Bottom line: they could generate mutant animals at double digit percentages.   Not surprisingly, efficiency increased with higher RNA concentrations.  The final standard conditions involve at least 30 to 50 embryos per electroporation, in a total volume of 20 µl buffer/media with final concentrations of 600 ng/µl Cas9 mRNA and 300 ng/µl guide RNA.  Note that this requires a total of 12 µg Cas9 mRNA and 6 µg gRNA per batch of 50 embryos.   They also showed HDR is possible by co-electroporation with donor oligo DNAs.

So what is the efficiency?  Table 2 is a very nice comparison of microinjection vs. electroporation across ten genes.  Kudos to them for a nice big data set!  Good news: electroporation generated mutants for 5/10 genes tested.  However, 8/10 microinjections were successful for the same genes/reagents.   The overall rate of mutants was lower in the electroporation set as well; the average efficiency in the 5 successful electroporations was 20%, while with microinjections it was 42%.   Interestingly, the overall rate of embryo survival to birth was higher for electroporations – about double that of microinjections.   So in the end, the lower efficiency of mutant generation via electroporation might be pretty well balanced by the higher birth rate per embryo.

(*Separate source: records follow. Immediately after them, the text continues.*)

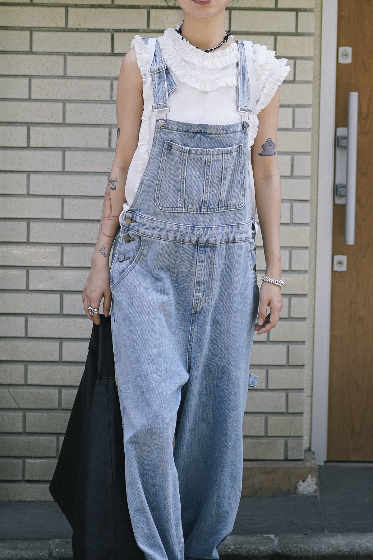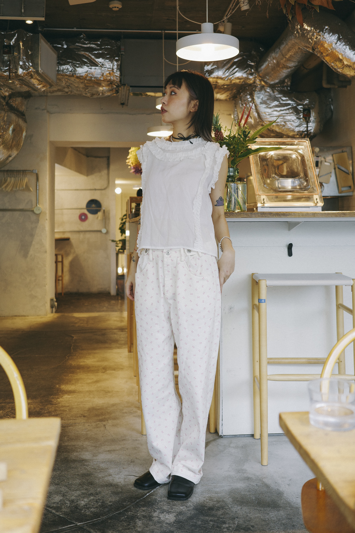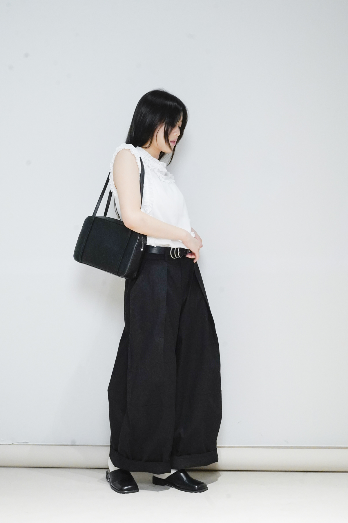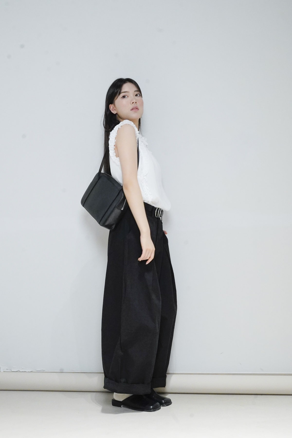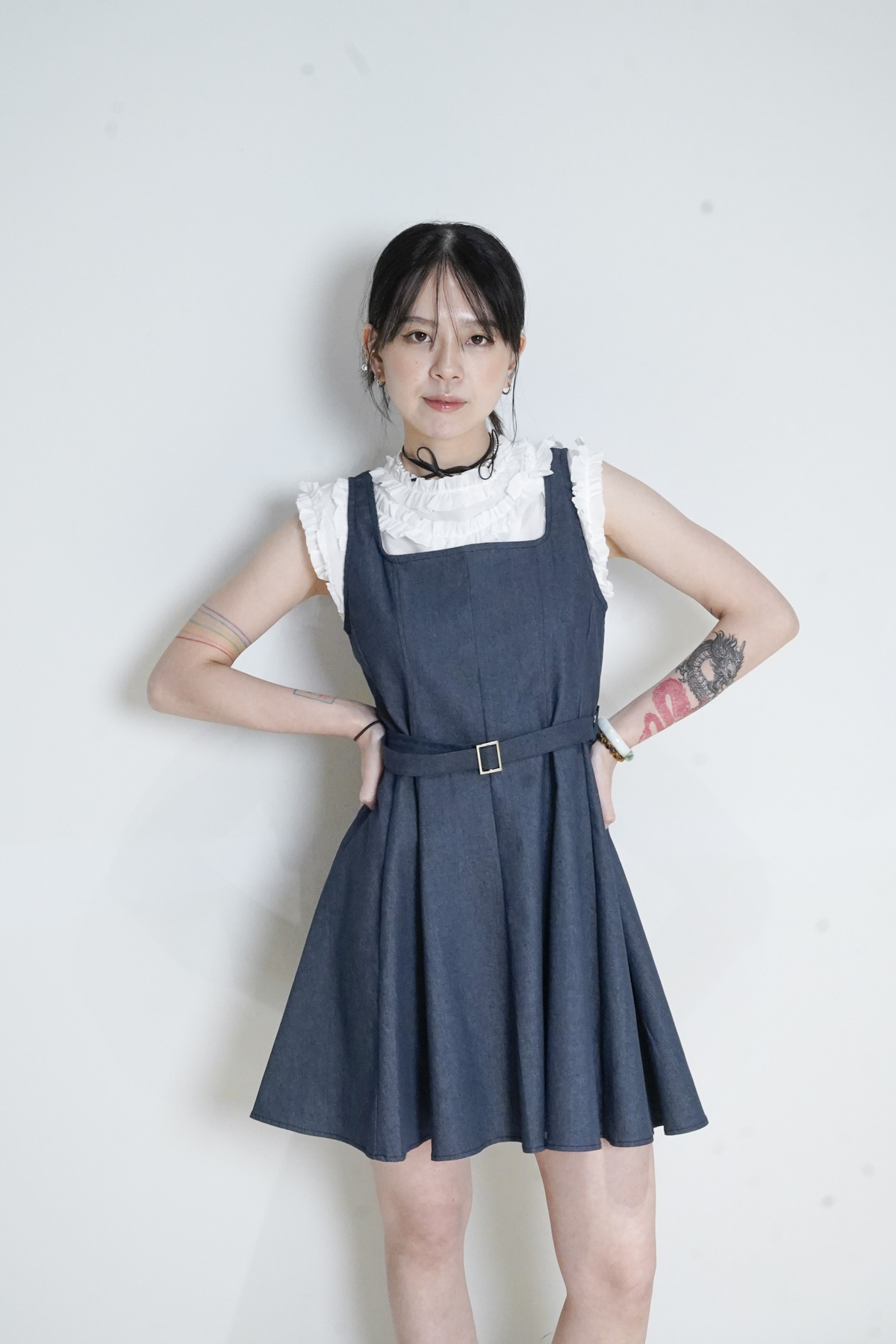 柔軟親膚質料/皺褶ruffle設計 娃娃感 /復古不平凡單調多種配搭 穿著裙或牛仔褲皆可/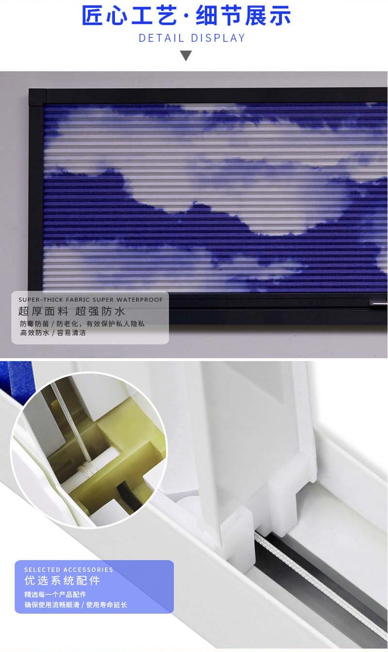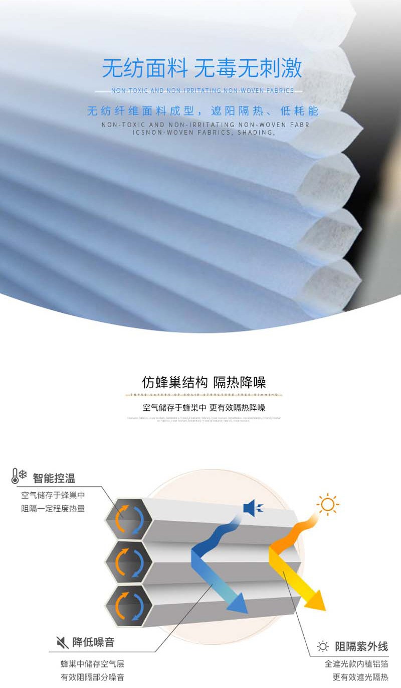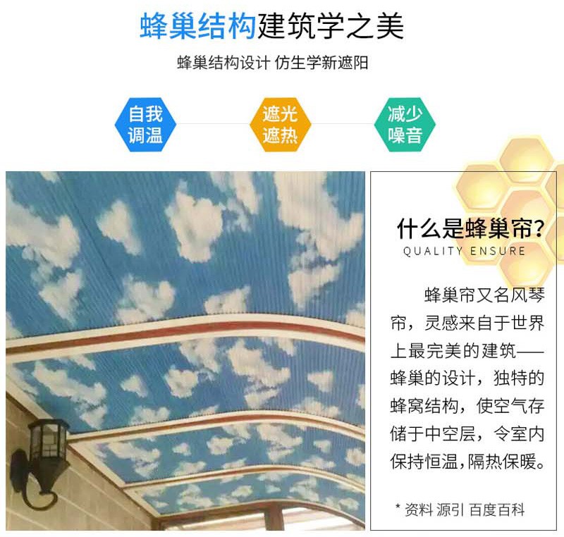 蜂巢簾又名風(fēng)琴簾,靈感來源與世界上最完美的建筑--蜂巢的設(shè)計(jì),獨(dú)特的蜂窩結(jié)構(gòu),使空氣存儲(chǔ)于中空層,令室內(nèi)保持恒溫,隔熱保暖。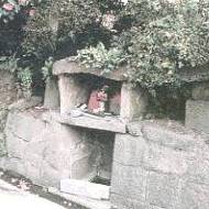 ![]() | 空海は、774 年に讃岐国(現在の香川県)に生まれました。2年間中国で真言密教(しんごんみっきょう)を学んだ後帰国し、紀伊国(現在の和歌山県)の高野山金剛峯寺を創建し、後に弘法大師と言われました。 空海は水なき所に池を掘り、橋なき所に橋を架け、道なき所に道をつけ、食の貧しい者には食を得る方法を教え、病む者のためには良医となり、人々の苦しみを解決しようとしました。 こうしたことから、弘法大師にまつわるお話は全国各地にあり、「弘法井戸」と呼ばれる井戸もいたる所に存在します。寝屋川市内にも打上・田井・国松・郡(湯屋が谷=やがたん)の4カ所に弘法井戸があります。 打上の弘法井戸は東高野街道沿いにあり、現在でも清水がわずかながら湧き出ています。この井戸はいくら日照りが続いても枯れることはなかったと言われており、東高野街道を通って弘法大師ゆかりの高野山へお参りする人々ののどを潤していたことでしょう。 |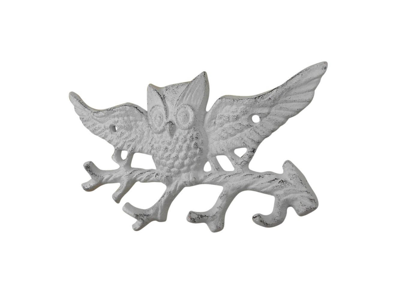Cast Iron Flying Owl Landing on a Tree Branch Decorative Metal Wall Hooks 7.5"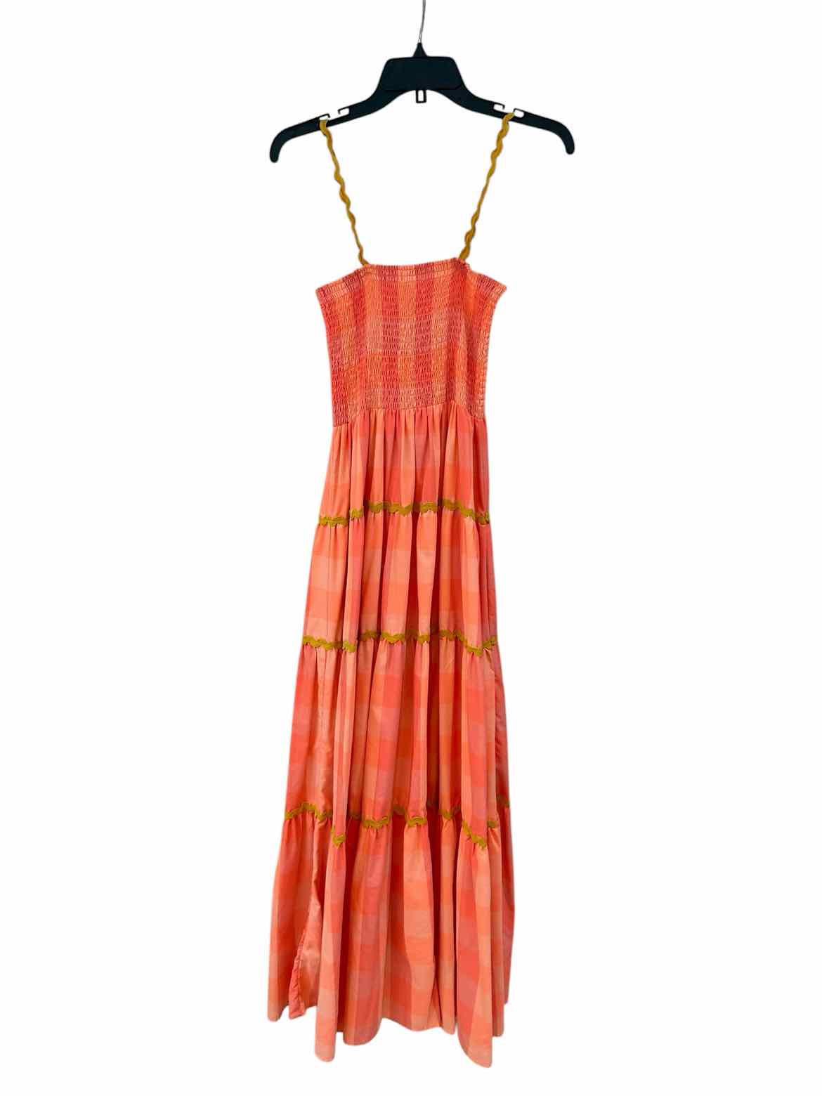 The soft salmon hue of the sundress Salmon Size M/L Dress brings a refreshing and playful energy to women’s consignment fashion. This pre-loved designer dress is made from cotton, offering a lightweight feel for authentic luxury resale shoppers seeking comfort and style. Notable details such as a ruched bodice, ric-rac straps and trim, and a tiered skirt enhance its distinctive silhouette. Carefully curated, this versatile piece embraces feminine charm and unique craftsmanship, making it a beautiful addition to any wardrobe.

I’ll still note that zygote manipulation may not be for the faint of heart even if you don’t have a microscope/microinjection setup handy.   Remember that to make engineered live mice you have to transfer the manipulated zygotes back into a pseudopregnant recipient female mouse.  This requires microsurgery, people.     

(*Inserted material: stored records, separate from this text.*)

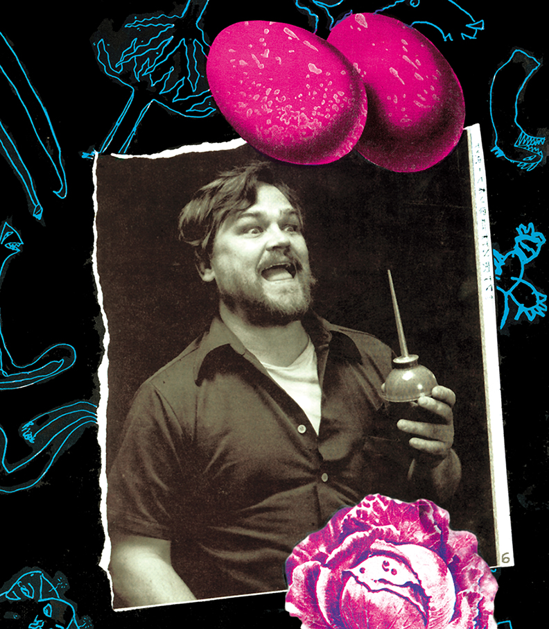 When Bruce Hampton made his first solo album, he wasn’t interested in just recording some new songs that featured his imaginative, inscrutable lyrics juxtaposed with a brilliant fusion of instrumental styles. He had other aspirations. He wanted to showcase his comedy, the stuff he was leaving on the stage at the Midtown Pub (mainly from 1977 to 1979). And he wanted the album to look good, so he enlisted his friend Flournoy Holmes, the Atlanta artist whose work had become the visual incarnation of southern rock thanks to masterpiece album covers like the Allman Brothers’ Eat a Peach. Flournoy also helped name that album, the same service he inadvertently provided to Bruce.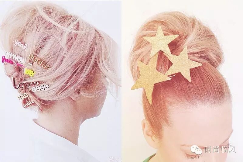 活泼俏皮,性格外向的姑娘尽可以用各种闪闪发光的金箔元素小发饰,Blingbling的金色星星发卡,或极具个性的字母发簪都能给你的造型带来极大的改变。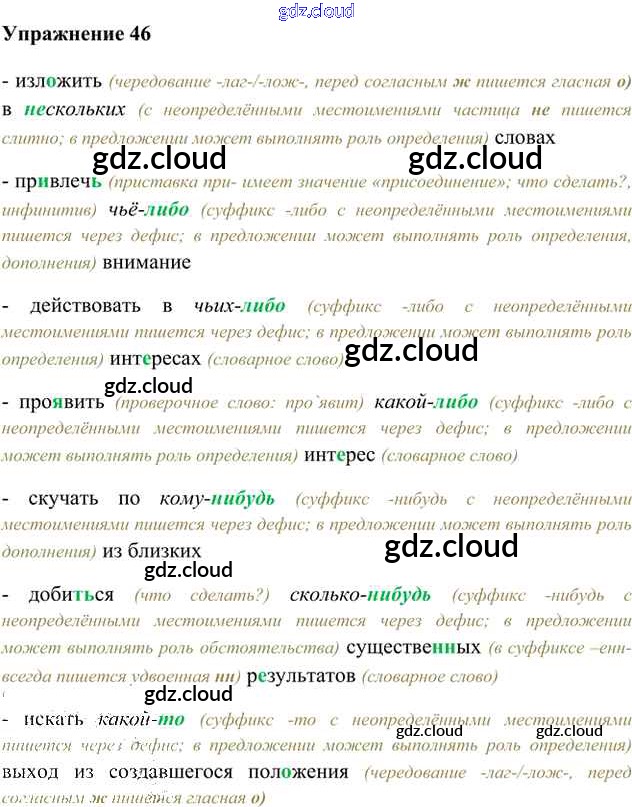 Ответ на задание 46 Учебник Русский язык за 6 (шестой) класс Быстрова, Кибирева, Гостева Инновационная школа 2016 Часть 1, 2
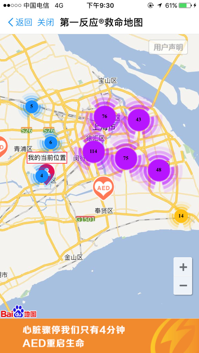 那么哪里有AED呢?去年我参加了医院组织的由红十字会进行的急救培训,在课上老师讲到现在上海对于AED的投放非常重视,估计2017年底在公共场所的投放量已达到1500台。同时也教了我们便捷寻找AED的方法,那就是打开支付宝→城市服务→医疗→AED地图,可以很方便地找到离我最近的AED装置,但是打开以后发现离方塔中医医院最近的AED在上海视觉艺术学院。老师当时说这个地图有一些落后,因为方塔公园和醉白池在近几年也已经投放了AED,可能是软件还没有进行地图的更新。遗憾的是,今天我再次打开AED地图,离我最近的仍旧是上海视觉艺术学院。缩小地图以后可以看到,松江区能显示的AED数量明显比较少,而市区的数量就很多了,但这也是相对而言的。对于上海这样有着2400万人口的城市来说,AED设置的数量还是偏少,至少需要4-5万台才能满足基本需求。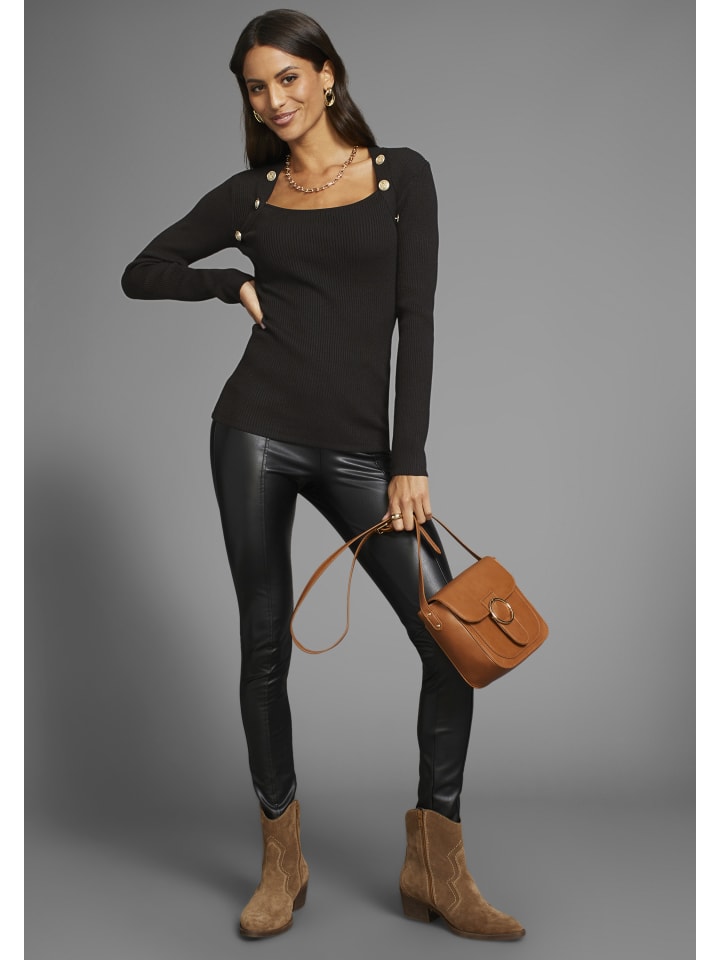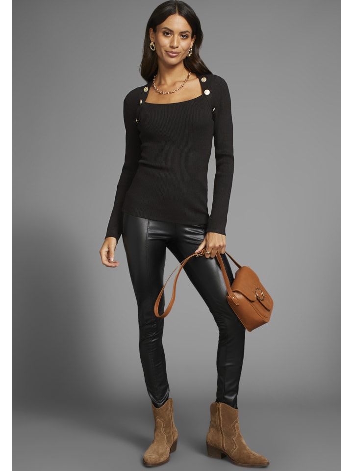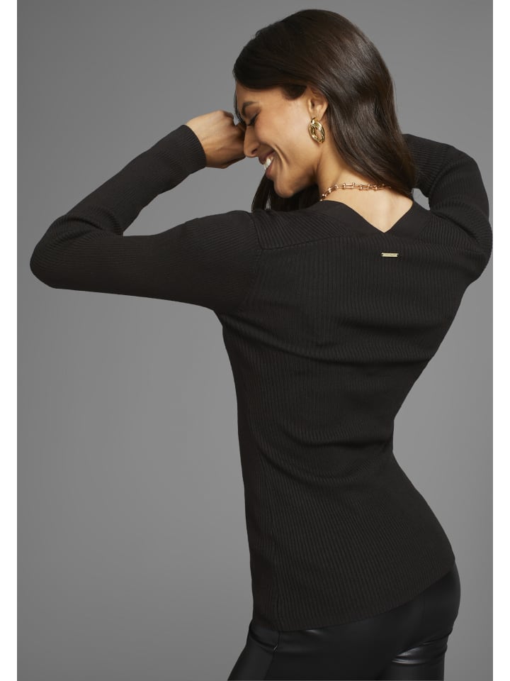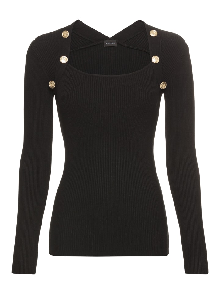 Универсальный женский трикотажный свитер от Laura Scott. Приталенный крой до бедер и длинные рукава. Ребристая трикотажная ткань очень эластична, что делает его исключительно удобным.

However – maybe even this last step can be improved upon.   Takahashi et al have now reported that embryos can be electroporated – and CRISPR-mutagenized – without taking them out of the oviduct.    (Takahashi et al, Scientific Reports, June 22 2015 (5:11406).)  This still requires injection of the CRISPR RNA solution into the oviduct of a live mouse, but it’s probably easier than transferring embryos back in to the oviduct.   Hmm… maybe one doesn't need to pre-weaken the zone pellucida?  Their method requires rather high RNA concentrations, but bears promise.   

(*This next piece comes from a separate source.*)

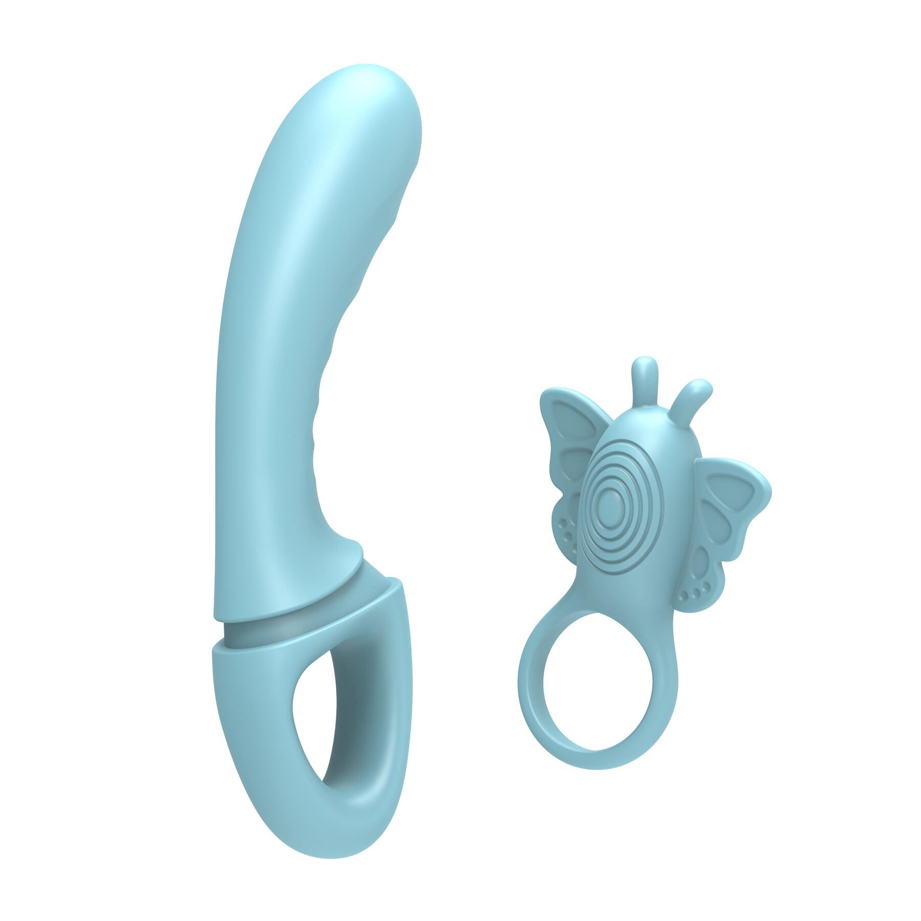 Get a couples toy that will keep you busy from foreplay to the Big O! The Butterfly Play Set is really 4 vibes in one. It comes as a rabbit-style vibe, complete with a vibrating G-Spot tip and vibrating butterfly clit stimulator. Each motor has 10 stimulating speeds and patterns for you to try. You can spice things up by removing the vibrating butterfly stimulator. Use it as a finger vibe or a penis ring for additional stimulation during foreplay or sex. And you can use the other as a G-Spot vibe for deeper penetration. Rabbit measures 7.5 by 3 inches total; 4.5 by 1.25 inches insertable. Made from plush liquid silicone. Rechargeable.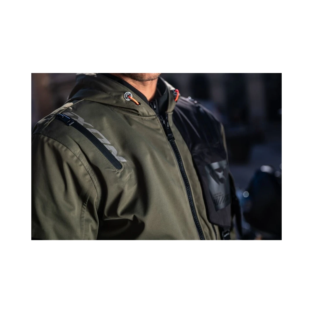 Designul său inspirat din techwear urban combină funcționalitatea cu estetica modernă, oferind libertate de mișcare excelentă și o protecție optimă împotriva vântului și ploii. Este o geacă laminată pe exterior, ceea ce înseamnă că stratul waterproof este integrat direct în materialul exterior – fără nevoie de căptușeli suplimentare.

  1. It seems that electroporation is a compromising method between microinjection and uncomplicated operation with a not bad performance. Hope more related information like the reagents and chemicals involved in the new method can be shared in this blog site.-BOC Sciences

  2. Any one try the GONAD method? Any one succeed to repeat it?

  3. Any one succeed to repeat the GONAD method?